Katrin Wudy’s research focuses on laser-based additive manufacturing techniques with both plastics and metals, covering the entire process chain from material development and innovative process strategies to process monitoring and quality management in additive manufacturing. Since June 2024, she has been an Associate Professor for Laser-based Additive Manufacturing at the Technical University of Munich (TUM), one of Europe’s leading universities, and a member of the TU9 Universities of Technology Excellence in Engineering and Science in Germany. Prior to this role, she was Assistant Professor at TUM. Katrin Wudy earned her PhD in Mechanical Engineering from Friedrich-Alexander-University Erlangen-Nuernberg (FAU), focusing on the aging behavior of Polyamide 12 in selective laser sintering in 2017. At FAU, she managed the Collaborative Research Center 814 (SFB 814) – Additive Manufacturing and was a group leader at the Institute of Polymer Technology. Katrin Wudy is actively involved in various scientific societies and committees, including the steering committee of TUM. Additive and in the selection committee for the Allocation of Humboldt Research Fellowships. Her contributions include overseeing the Master’s program in Mechatronics, Robotics, and Biomechanical Engineering. Katrin Wudy’s extensive expertise positions her as a leader in laser-based additive manufacturing.
Dr. Yonghua Zhao
Breaking Barriers in Electrochemical Machining: Exploring Gas Evolution and Plasma-Driven Innovations
This talk will explore recent breakthroughs in electrochemical machining (ECM), highlighting the transition from traditional anodic dissolution to advanced gas- and plasma-integrated techniques. Key process innovations in plasma discharge and gas evolution will be discussed, with a focus on their impact on enhancing precision, efficiency, and machining versatility in ECM. Advancements in controlling gas dynamics and plasma phenomena will be showcased, along with case studies demonstrating their practical applications and industrial relevance.
By leveraging these innovations, new possibilities have emerged for improving the polishing of large-roughness additive-manufactured components and expanding ECM’s material scope.
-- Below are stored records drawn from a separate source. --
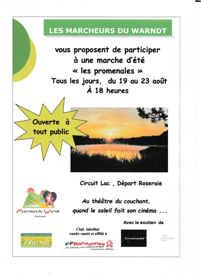 Marcheurs du Warndt : Les promenales19août23aoûtCatégorie(s)SportPartager : Marcheurs du Warndt : Les promenalesPartager par emailPartager sur TwitterPartager sur FacebookPartager sur LinkedIn
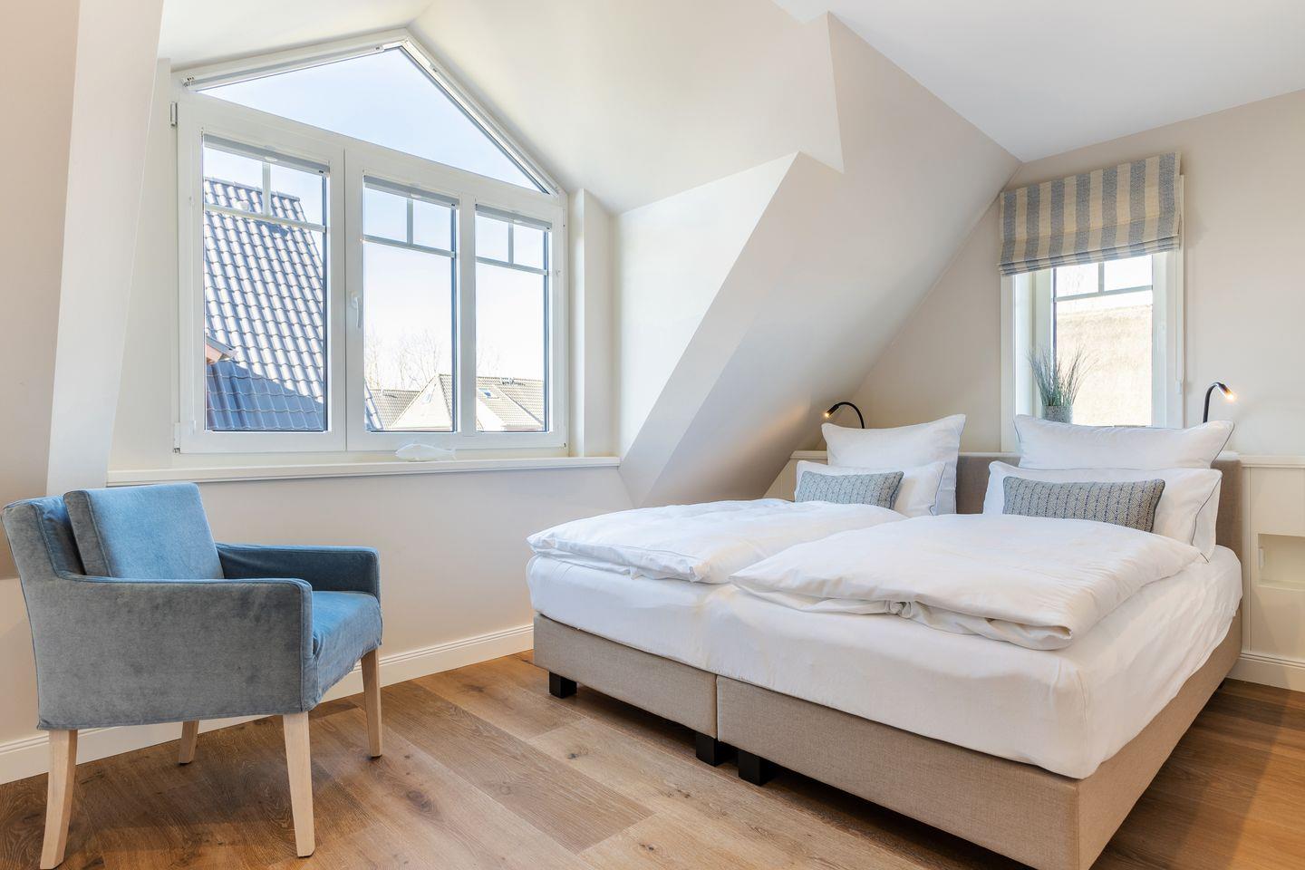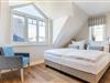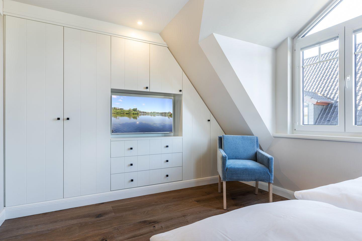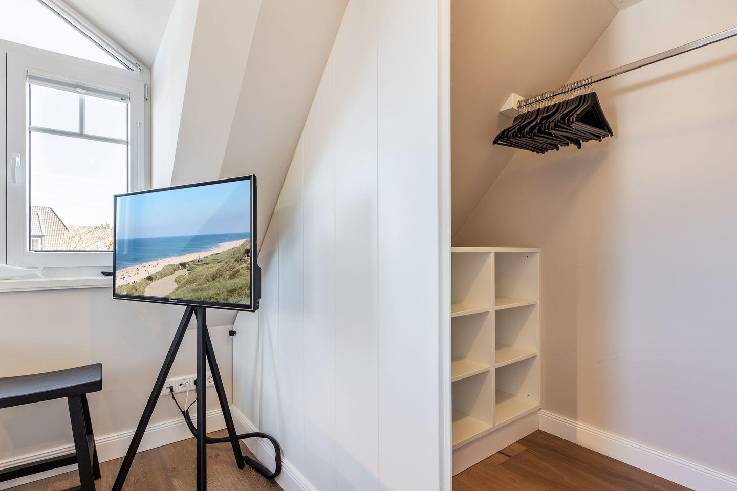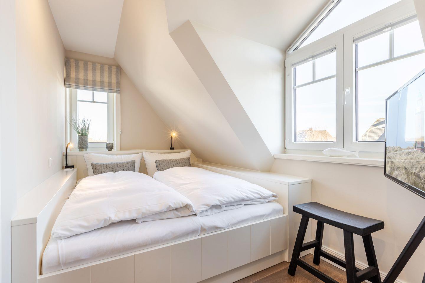 OG: zwei Räume mit Doppelbett (160 & 180x200) und TV, Badezimmer mit Dusche und WC.
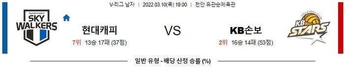현대캐피탈은 직전경기(3/6) 원정에서 한국전력 상대로 2-3(25:27, 19:25, 27:25, 25:16, 9:15) 패배를 기록했으며 이전경기(2/13) 홈에서 OK금융그룹 상대로 0-3(20:25, 25:27, 25:27) 패배를 기록했다. 5연패 흐름 속에 시즌 13승17패 성적. 한국전력 상대로는 허수봉(24득점, 46.81%), 전광인(19득점, 37.50%), 감선호(10득점, 57.14%), 박상하(10득점, 88.89%)가 분전했지만 1세트 도중 허벅지 통증으로 이탈한 펠리페의 공백이 크게 나타난 경기. 46.39%의 만족할수 있는 리시브 효율성을 기록했지만 팀 서브 최하위 팀의 문제점이 나타나면서 상대에게 52.22%의 높은 리시브 효율성을 허락했던 상황. 또한, 서브(1-6), 블로킹(12-16), 범실(29-25) 싸움에서 모두 밀렸던 패배의 내용.
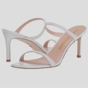 Brand new in box with dustbag . Never worn. These Stuart Weitzman heels feature a sleek and minimalist design in a pristine white color. The high heel and overlapping leather bands create a sophisticated look, perfect for adding a touch of elegance to any outfit.
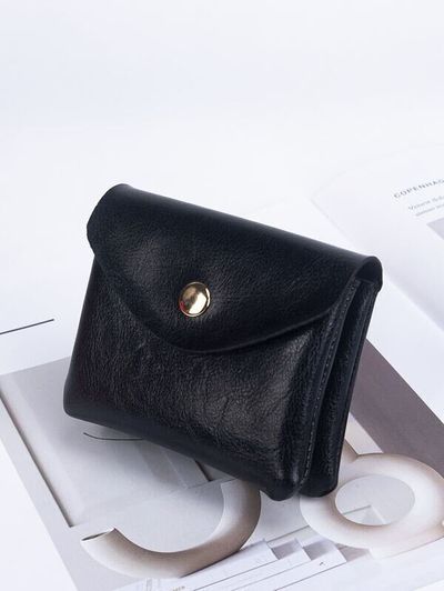 黒いシンプルなスナップボタン付つきのコインケース。口コミによると、思ったよりも大きなサイズで使いやすいとのこと。小銭やカードなどがたくさん入るので、便利なようです。
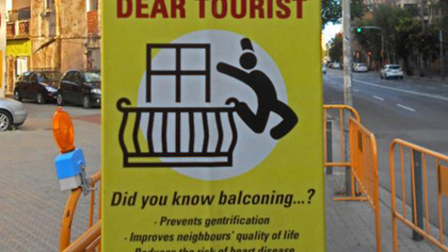 В Барселоне появились постеры и граффити, призывающие туристов к суициду. Об этом сообщает The Times. Такие плакаты были замечены в популярных туристических местах, например, рядом с парком Гуэль. Пресс-секретарь городского совета Барселоны заявил, что эти послания будут устранены в ближайшее время. Никто не взял на себя ответственность за распространение сообщений, однако местные жители уверены, что это часть кампании по борьбе с большим числом туристов, которые отравляют жизнь испанцам. Ранее в июне члены радикальных левых течений Каталонии придумали новый метод борьбы с туристами — силиконовый клей. Участники крайне левой организации Edvant, поддерживающей «Кандидатуру народного единства» опубликовали в сети ролик, на котором они замазывают замки хостелов, туристических офисов, прокатов велосипедов и камер хранения с помощью силиконового клея и скрепок. В августе 2017 года участники левого молодежного движения Arran Jovent, связанного с партией «Кандидаты народного единства», атаковали туристический автобус рядом со стадионом в Барселоне и также расписали стены города лозунгами «Туристы, убирайтесь домой!» Они считают, что нынешняя модель туризма заставляет людей работать за низкую зарплату, изгоняет их из привычных мест обитания и разрушает традиционные связи.

Attendees will gain insights into how these advancements are shaping ECM’s future, offering greater flexibility and applicability across various industries.
Yonghua Zhao earned his B.S. and M.S. in Mechanical Engineering from Harbin Institute of Technology, China, in 2009 and 2011, and his Ph.D. in Precision Engineering from the University of Tokyo, Japan, in 2015, specializing in electrical machining. Following his Ph.D, he served as an assistant professor at the University of Tokyo from 2015 to 2018. Dr. Zhao currently is a committee member of the Non-traditional Machining Branch of the Chinese Mechanical Engineering Society (CMES) and a full member of the Japan Society for Precision Engineering (JSPE). He also holds the position of foreign member on JSPE’s Research Affiliate Committee.
Since joining the Department of Mechanical and Energy Engineering at Southern University of Science and Technology (SUSTech) in 2018, Dr. Zhao’s research has concentrated on advancing electro-physical and chemical machining (EPCM) technologies. His work focuses on tackling key challenges in process mechanisms, machine tool development, and digitalization, with a dual emphasis on both fundamental understanding and application-driven innovations to enhance EPCM performance and explore its novel applications.